Expressing Identity of real things,
Tim Berners-Lee (2009)

let me show you what i mean...

see, some URIs are dereferencable:

  <http://mamund.com/foaf.rdf#me>  <http://xmlns.com/foaf/0.1/weblog>  <http://amundsen.com/blog/> .

and some are just identifiers not meant for de-referencing:

  <http://mamund.com/foaf.rdf#me>  <http://xmlns.com/foaf/0.1/weblog>  <http://amundsen.com/blog/> .

but some identifiers can be de-referenced:

  <http://mamund.com/foaf.rdf#me>  <http://xmlns.com/foaf/0.1/weblog>  <http://amundsen.com/blog/> .

and some dereferencable URIs contain fragment identifiers (usually meaning only a sub-section of the de-referenced document is the target):

_:x  <http://www.w3.org/ns/auth/cert#identity>  <http://mamund.com/foaf.rdf#me> .

and some dereferencable URIs should be treated as navigational links:

<http://mamund.com/foaf.rdf#me>  <http://xmlns.com/foaf/0.1/homepage>  <http://amundsen.com/> .

and some dereferencable URIs should be treated as imbed links:

<http://mamund.com/foaf.rdf#me>  <http://xmlns.com/foaf/0.1/depiction>  <http://amundsen.com/foaf/mamund.jpeg> .

finally, and here's the part that really gets me:

none of the RDF serialization formats has any way to indicate within the document any of these varying attributes of the links (dereferencable, identifer, navigational, imbed-able)

and that's just for READ-ONLY link semantics. don't even get me started on the lack of native write and templated read semantics in RDF.

no wonder that, more than a decade after it's initial description and six years after the first RDF standards, we still don't have a powerful, ubiquitous RDF Browser to match that of the HTML browser which, i will point out, was available less 24 months after the first description of HTML itself.

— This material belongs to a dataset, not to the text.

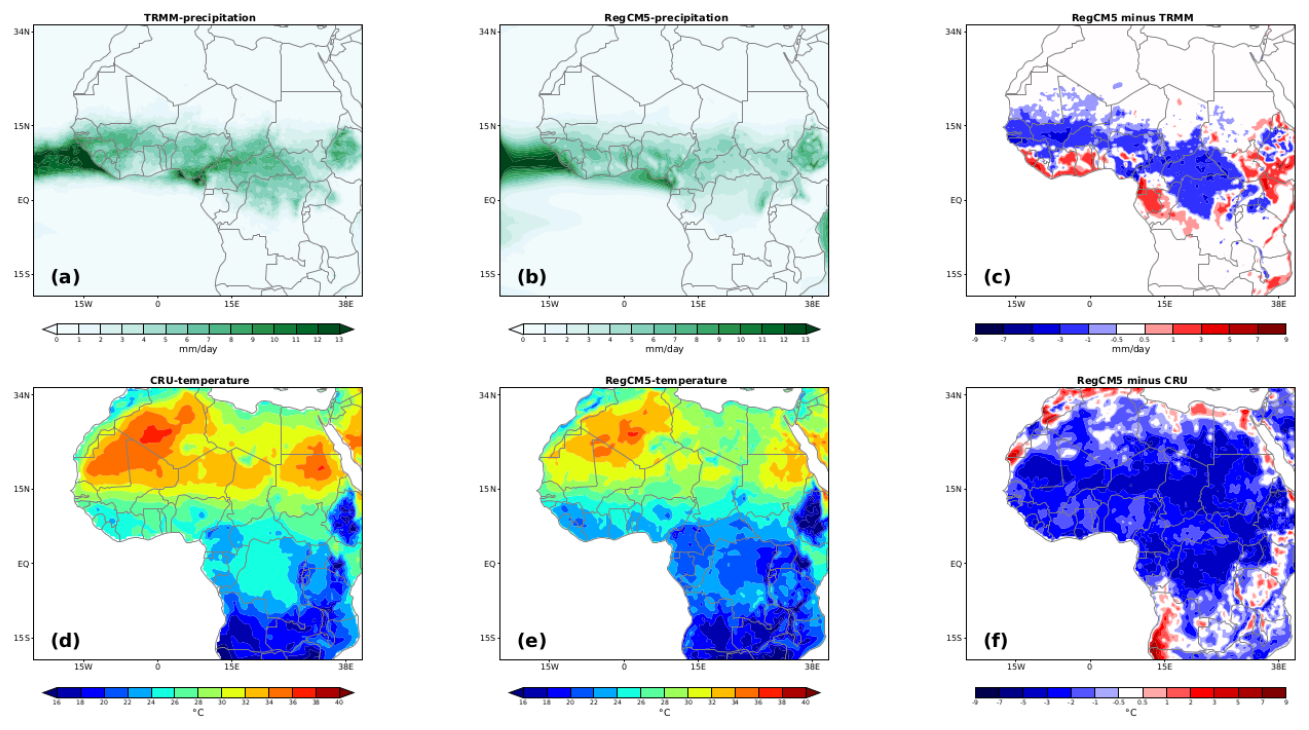 Additional details on the distribution of daily temperature and precipitation intensities over the Sahel region are provided in the Supplementary Information (Fig. S2), using Probability Density Functions (PDFs) compared to ERA5 and TRMM respectively. These support the model’s reasonable performance on daily-scale variability.

RDF may be great for read-only linked data handled by custom one-off applications but, unless some important changes are made here, i seriously doubt that RDF is going to be "the" Web format of the future.

why do i say this?

because the Web does not run on data. it runs on hypermedia and (to paraphrase) "RDF, you're no hypermedia type".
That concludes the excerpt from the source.